### Your task:
Leaving out all pictures, repeat exactly the lines from the one that holds "La regola principale" to the last line of the entries below.
*** Begin section ***
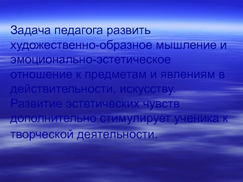 Слайд 3Задача педагога развить художественно-образное мышление и эмоционально-эстетическое отношение к предметам и
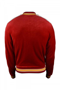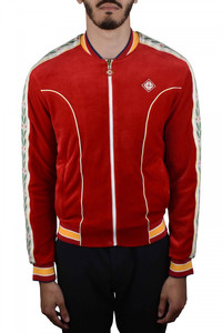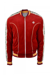 Laurel tracksuit jacket in Casablanca red cotton velvet. Iconic laurel-knit satin stripe along sleeves. Embroidered logo patch on chest. Elasticated ends. Yellow and white striped ends. Side zip pockets. Main zip closure.
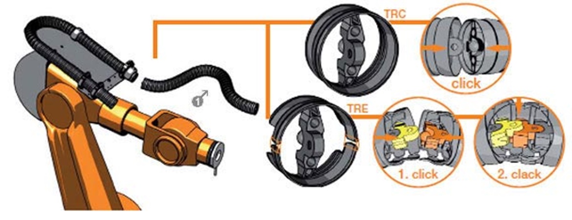 Install mounting bracket with strain relief on the moving end and System komplett fasten triflex® R.
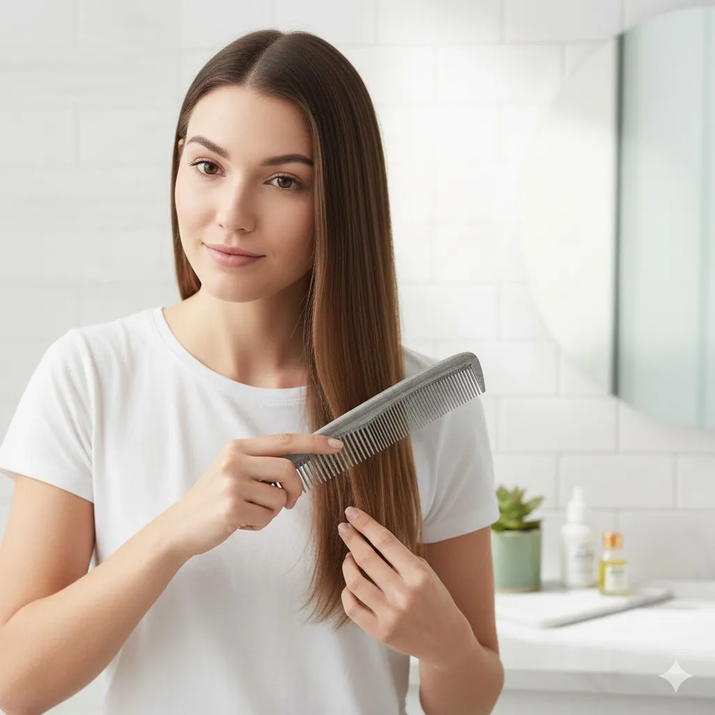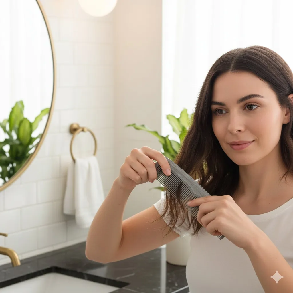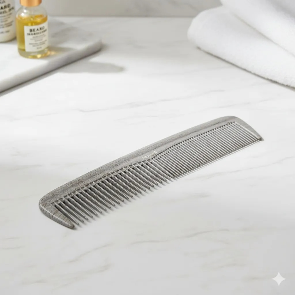 The finely spaced teeth are meticulously rounded to provide a soothing scalp massage with every stroke, which helps improve blood circulation and encourages stronger hair follicles. By evenly distributing your scalp’s natural oils from root to tip, it provides a natural conditioning effect that enhances shine and reduces dryness. Handcrafted for durability and a comfortable grip, this elegant grey wood comb is the perfect sustainable choice for those seeking professional grooming results at home.
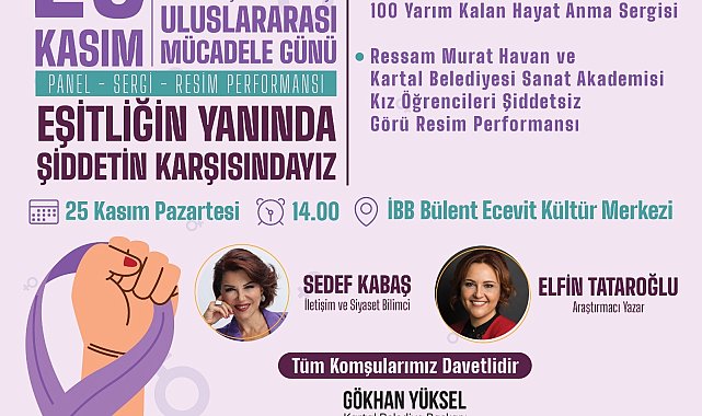 (İSTANBUL) - Kartal Belediyesi, 25 Kasım Kadına Yönelik Şiddete Karşı Uluslararası Mücadele ve Dayanışma Günü dolayısıyla “Eşitliğin Yanında Şiddetin Karşısındayız” isimli bir panel düzenleyecek.Kartal Belediyesi Kadın ve Aile Hizmetleri Müdürlüğü’nün girişimiyle 25 Kasım 2024 Pazartesi günü saat 14.00’te İstanbul Büyükşehir Belediyesi (İBB) Kartal Bülent Ecevit Kültür Merkezi’nde gerçekleşecek “Eşitliğin Yanında Şiddetin Karşısındayız” panelinde; gazeteci, haber sunucusu, televizyon programcısı, iletişim ve siyaset bilimci ve eğitmen Sedef Kabaş ile araştırmacı-yazar ve akademisyen Elfin Tataroğlu konuşmacı olarak yer alacak.Etkinlik alanında bir de sergi düzenlenecek. “100 Kadın, 100 Yarım Kalan Hayat Anma” isimli sergide yıllardır hafızalara kazınan ve kadına yönelik şiddetle mücadelenin sembolü haline gelen kadınların yanı sıra 2024 yılında yaşamdan koparılan kadınların anısına hayat hikayeleri ve fotoğrafları sergilenecek. Anma kapsamında sergi alanına karanfil bırakılacak.Günün bir diğer etkinliğini ise Kartal Belediyesi Sanat Akademisi üstlenecek. “El Ele Vererek Birlikte Güçlüyüz” temasıyla ressam Murat Havan ve Kartal Belediyesi Sanat Akademisi’nin kız öğrencileri, “Şiddetsiz Görü” adını taşıyan canlı bir resim performansı gerçekleştirecek.
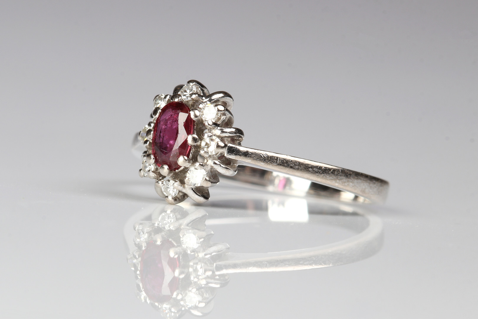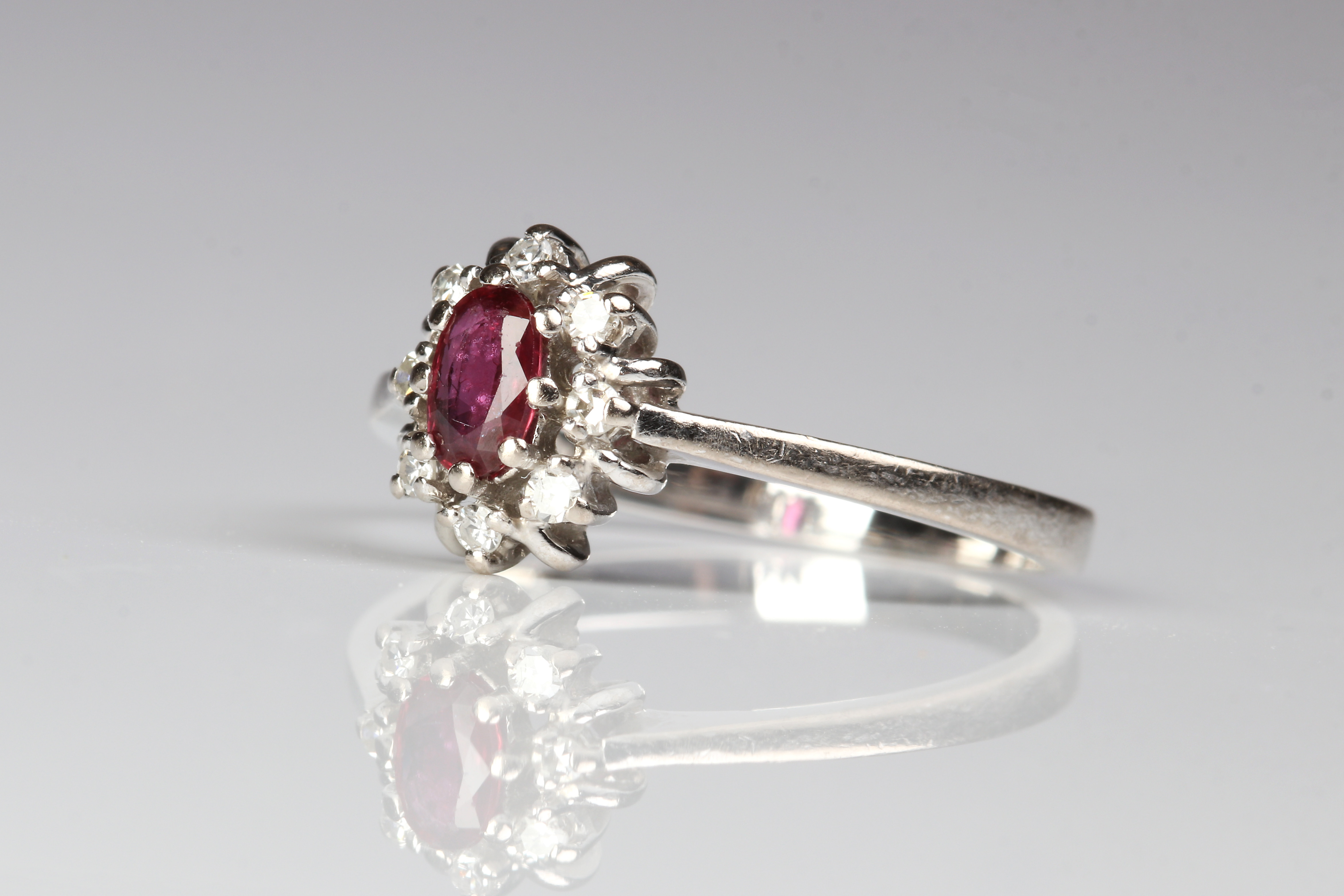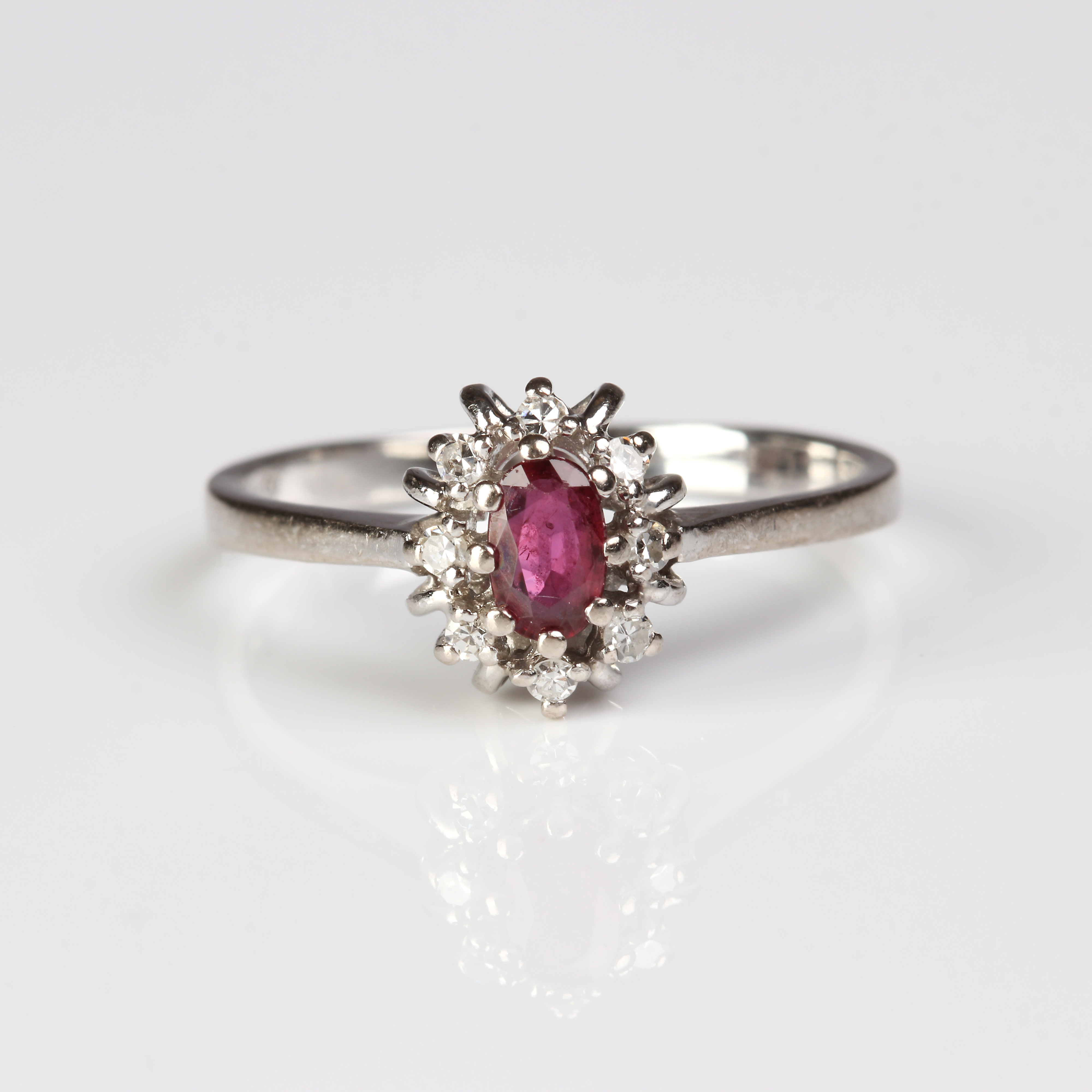 3161987. DIAMANT OG RUBIN RING, 18 kt hvidguld.
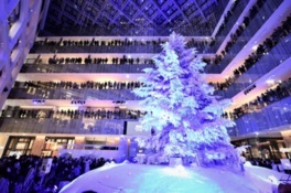 丸の内のJPタワー「KITTE」では、屋内日本最大級の高さを誇る本物のモミの木を使用したクリスマスツリーが、1Fアトリウムの吹き抜け空間に登場します。まるで雪が降り積もったかのように真っ白な装飾が施されたクリスマスツリーがライトアップされ、流れる音楽とともに行き交う人々を楽しませることでしょう。期間中は多彩なイベントの開催を予定しています。
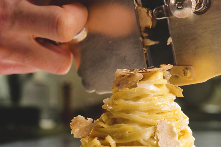 La regola principale è semplice: il tartufo bianco va utilizzato a crudo, affettato finemente direttamente sul piatto caldo. In questo modo il calore non lo cuoce, ma ne amplifica la fragranza, rendendo l’esperienza più intensa. È proprio così che, ad Alba, si serve la pasta durante la stagione: pochi ingredienti, massima qualità e un protagonista assoluto.
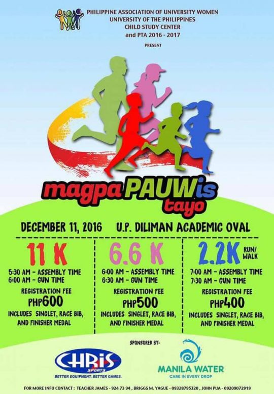 The Philippine Association of University Women, University of the Philippines Child Study Center together with the PTA 2016-2017 presents MagpaPAUWis Tayo 2016 happening on December 11, 2016 at the UP Diliman Academic Oval
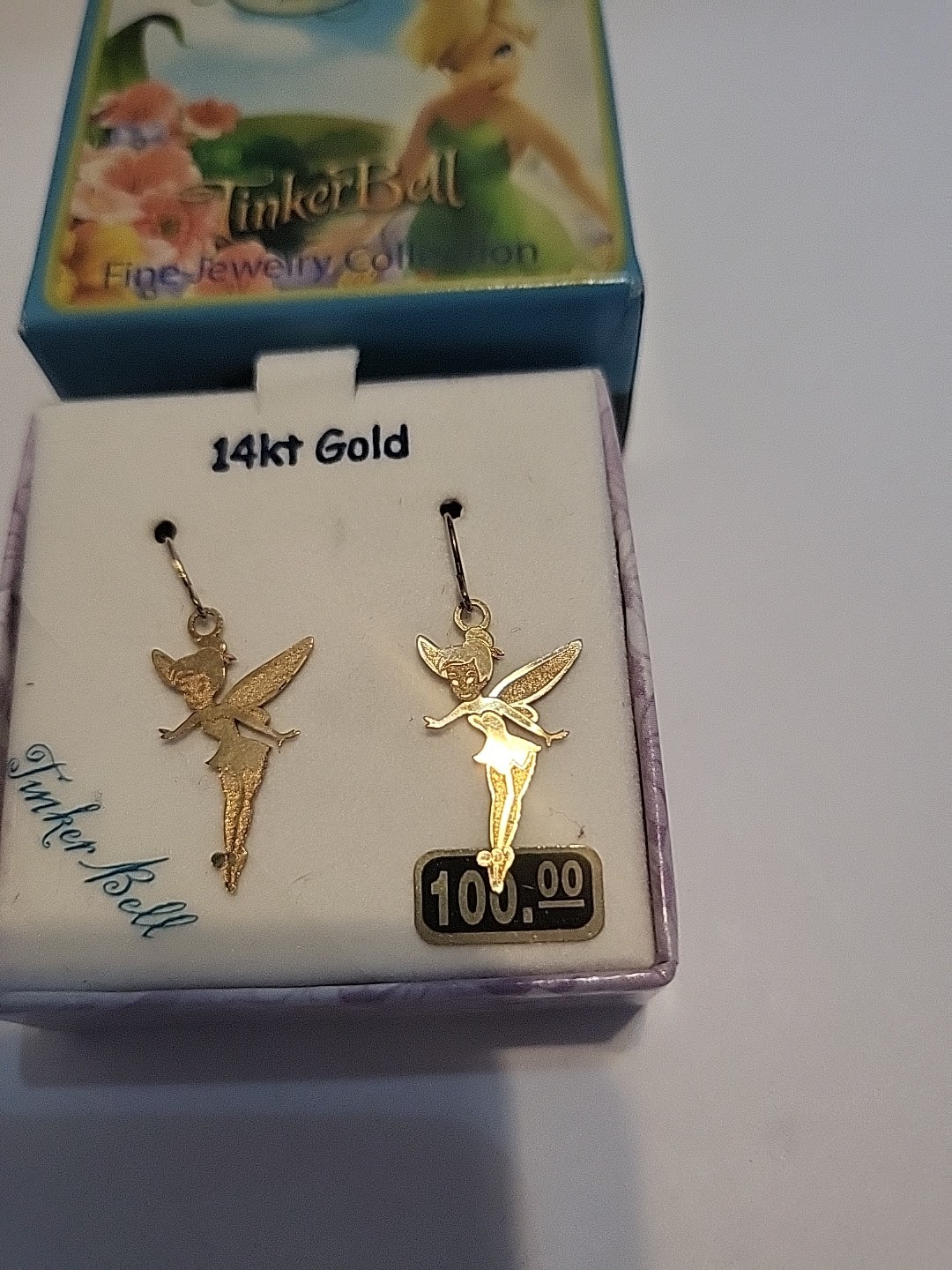 как выглядит 14k Gold Tinkerbell Dangle Earrings Official Disney Fine Jewelry Collection NIB фото
*** End section ***
### Answer space:
 La regola principale è semplice: il tartufo bianco va utilizzato a crudo, affettato finemente direttamente sul piatto caldo. In questo modo il calore non lo cuoce, ma ne amplifica la fragranza, rendendo l’esperienza più intensa. È proprio così che, ad Alba, si serve la pasta durante la stagione: pochi ingredienti, massima qualità e un protagonista assoluto.
 The Philippine Association of University Women, University of the Philippines Child Study Center together with the PTA 2016-2017 presents MagpaPAUWis Tayo 2016 happening on December 11, 2016 at the UP Diliman Academic Oval
 как выглядит 14k Gold Tinkerbell Dangle Earrings Official Disney Fine Jewelry Collection NIB фото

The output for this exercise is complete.